Anda di halaman 1dari 2

Lampung New City : Kota Satelit atau Kota Mandiri

Tommy Permadhi & Maulana Mukhlis


Alumnus Pascasarjana PWK-ITB & Mahasiswa Pascasarjana MIP Unila

Salah satu (ide) proyek besar di Provinsi Lampung yang menjadi obsesi Gubernur
Sjachroedin ZP selain pembangunan Jembatan Selat Sunda (JSS), perpanjangan landasan
Bandara Raden Intan II dan pembangunan rel kereta api antar kabupaten/kota di
Lampung adalah pembangunan kota baru Lampung (Lampung New City) di Natar. Ide itu
seakan melanjutkan ’dominasi’ gubernur sebagai pembuat setting kebijakan
monumental. Kita ingat, ide (monumental) membangun Tugu Siger (yang kini menjadi
satu icon Lampung) pada awalnya melahirkan pro-kontra, pun demikian dengan ide
Lampung New City ini, pro-kontra pun hingga kini bisa jadi masih mengikutinya.
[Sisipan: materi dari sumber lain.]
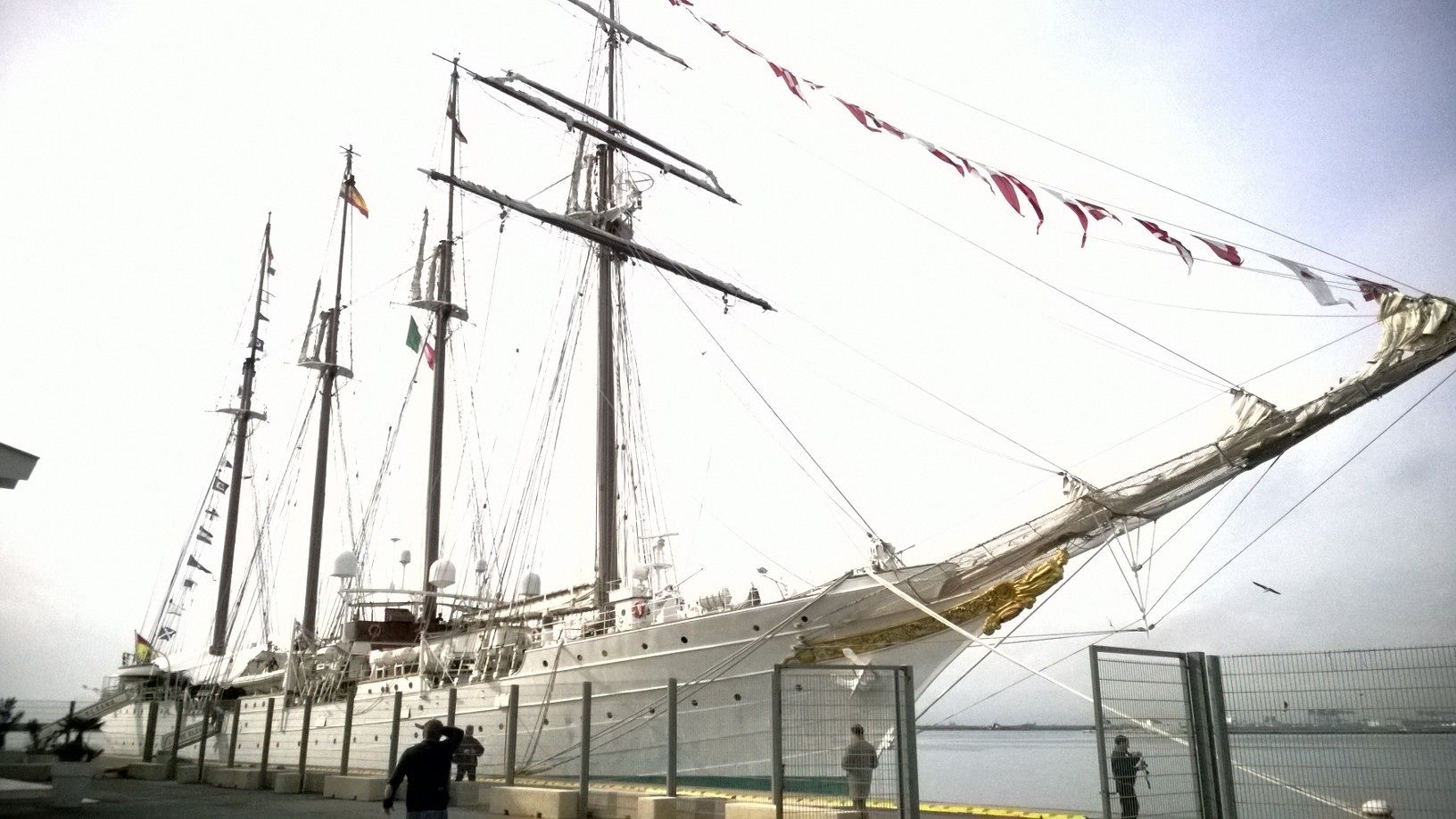 La “Juan Sebastiàn Elcano” é una nave goletta a quattro alberi costruita nel 1927, ed é la seconda nave scuola della Marina militare spagnola. Con i suoi 106 metri di lunghezza , ha una superficie velica che raggiunge quasi 2500 metri quadrati. Svolge lunghe crociere in tutti i mari del mondo, con un equipaggio di 48 ufficiali e 24 marinai, guidati dal comandante Enrique Torres. L’anno accademico a terra viene talvolta interrotto per continuarlo a bordo: sveglia alle 7 del mattino e poi la giornata prosegue tra lezioni di astronomia, meteorologia e navigazione. Ma ogni tanto é concesso qualche svago. Per domenica é infatti prevista una partita con i ragazzi della Primavera del Cagliari.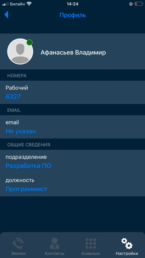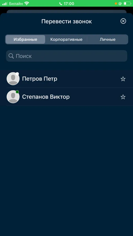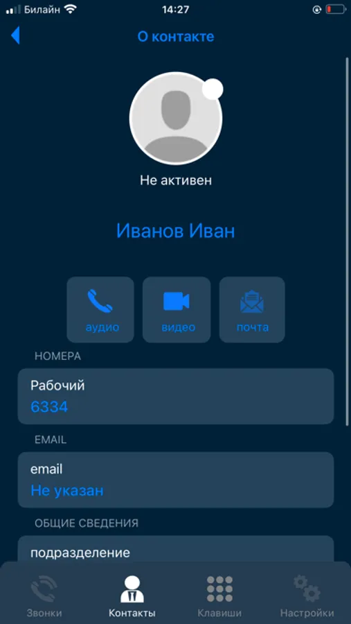• Доступ к корпоративной адресной книге и карточке контакта (ФИО, статус, фото, контактные данные и история взаимодействий)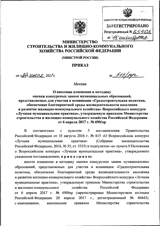 ПРИКАЗ Минстроя РФ от 30.07.2021 N 515/пр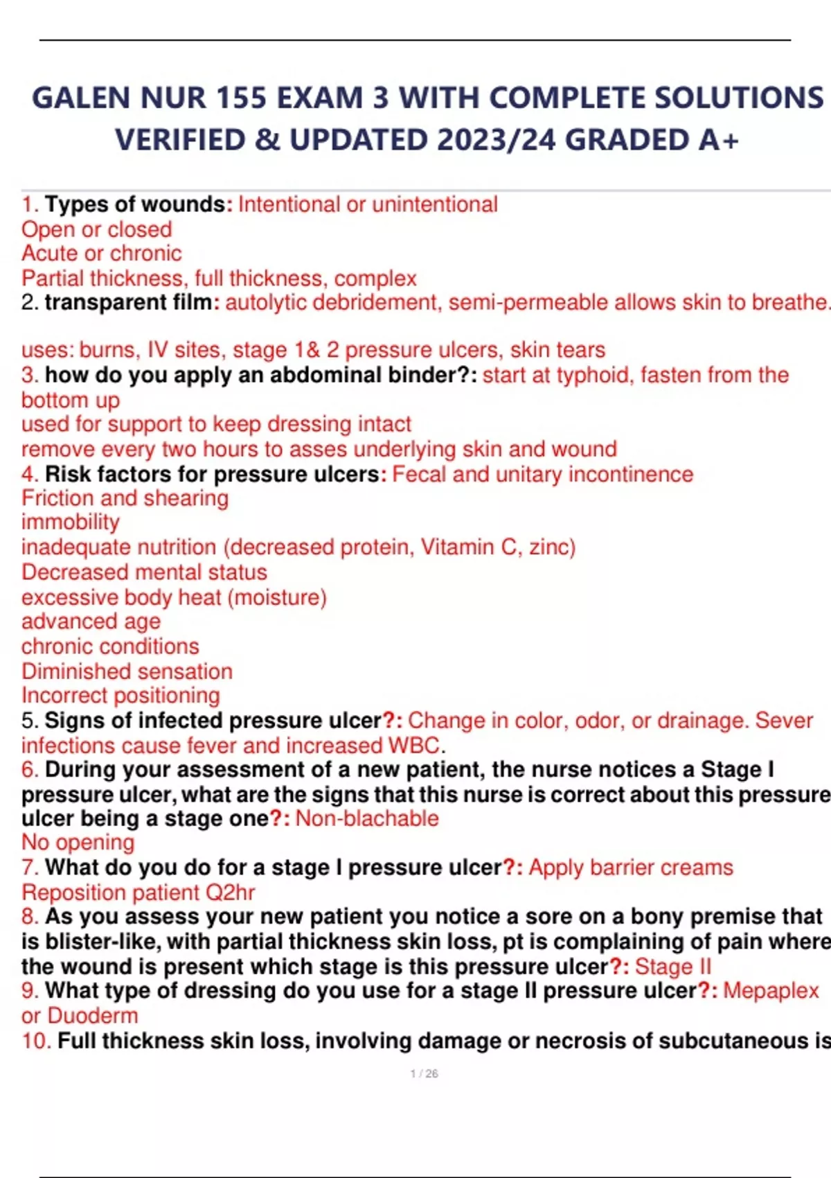 GALEN NUR 155 EXAM 3 WITH COMPLETE SOLUTIONS VERIFIED & UPDATED 2023/24 GRADED A+ 1. Types of wounds: Intentional or unintentional Open or closed Acute or chronic Partial thickness, full thickness, complex 2. transparent film: autolytic debridement, semi-permeable allows skin to breathe. uses: burns, IV sites, stage 1& 2 pressure ulcers, skin tears 3. how do you apply an abdominal binder?: start at typhoid, fasten from the bottom up used for support to keep dressing intact remove every two hours to asses underlying skin and wound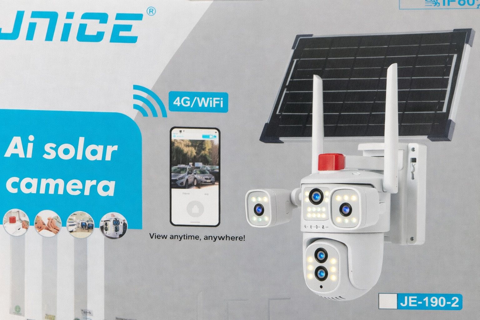 Відеокамера 4G IP66 4G 12mp (JE-190-2) 4 екранні 360-градусні камери IP-камера чотири об'єктиви Біла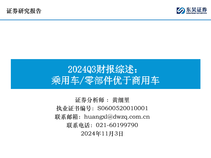 【东吴证券】【20241103】汽车行业2024Q3财报综述:乘用车/零部件优于商用车-72页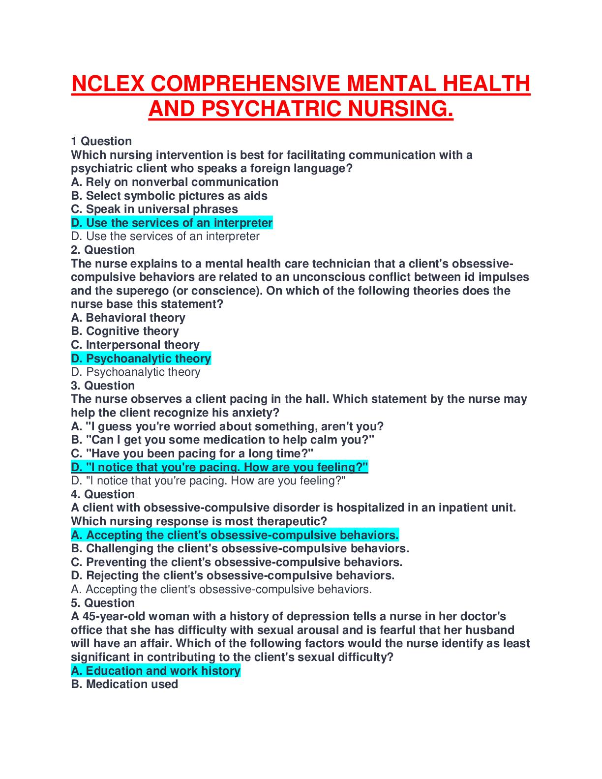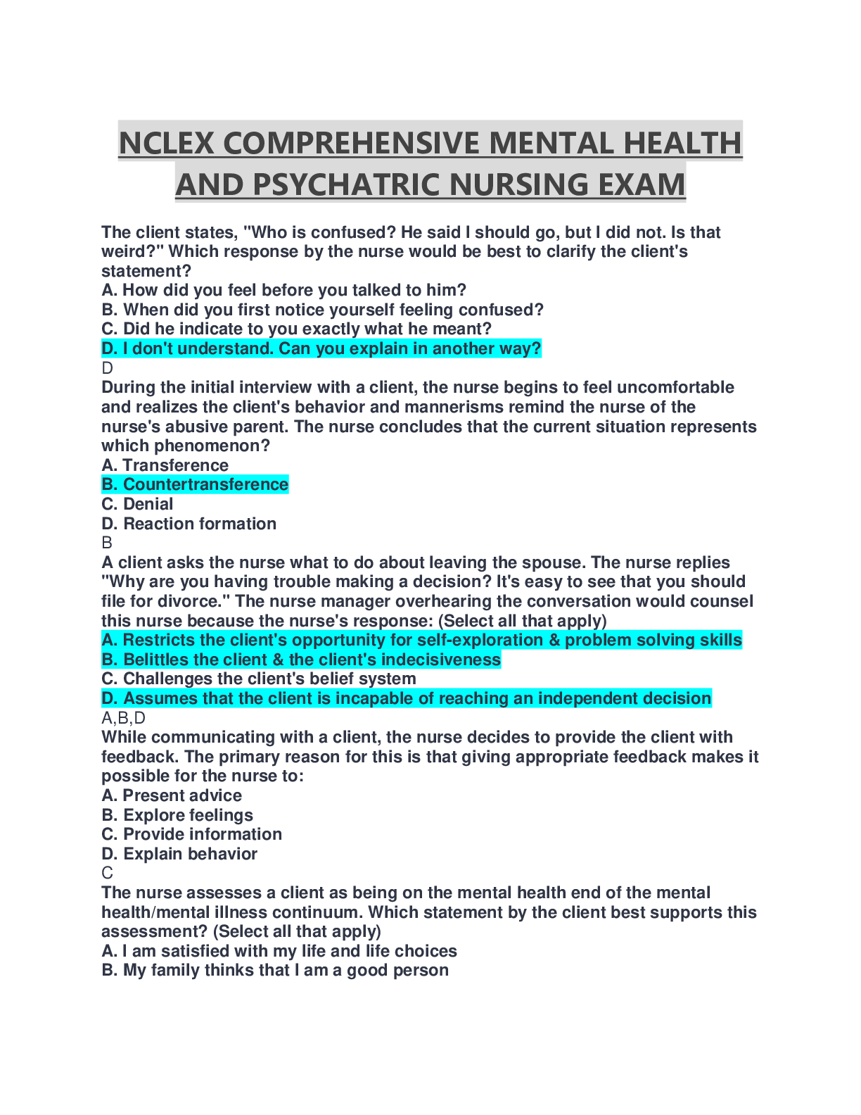 *NURSING > NCLEX > NCLEX COMPREHENSIVE MENTAL HEALTH AND PSYCHATRIC NURSING EXAM

Tahun 2007 lalu, BAPPEDA Provinsi Lampung telah menyusun Masterplan/Rencana Induk
Kota Baru Lampung di Natar. Dalam rencana itu, Lampung New City akan dibangun
dengan konsep eco-city (kota berwawasan lingkungan) yang ditawarkan sebagai model
struktur ruang dan arsitektural kota baru nantinya. Konsep Eco-city yang akan diusung
memang sangat baik dan telah mengakomodir trend pembangunan kota yang
berkelanjutan saat ini. Begitu pula dengan filosofi kebudayaan Lampung yang juga akan
diterjemahkan baik dalam pembangunan struktur ruang maupun pembagian blok–blok
peruntukannya. Secara singkat dapat dikatakan bahwa Lampung New City diharapkan
mampu menjadi kota baru yang lebih berkarakter dibandingkan dengan kota–kota
lainnya di Propinsi Lampung.

Tulisan ini tidak hendak mempersoalkan sisi image/pencitraan kota Lampung New City
itu karena rencana pengembangan kota baru secara umum telah memenuhi kaidah
tersebut, mulai dari pembagian pusat pertumbuhan kota (nodes), pembagian blok
peruntukan (district), pembangunan landmark kawasan (landmark), jaringan jalan dan
pola sirkulasi (path) serta batas–batas pemisah antara blok–blok peruntukkan (edge)
seluruhnya telah tertata rapi. Dalam konteks itu, kami sangat sepakat dengan apa yang
akan dibangun dalam pengembangan kota baru nantinya.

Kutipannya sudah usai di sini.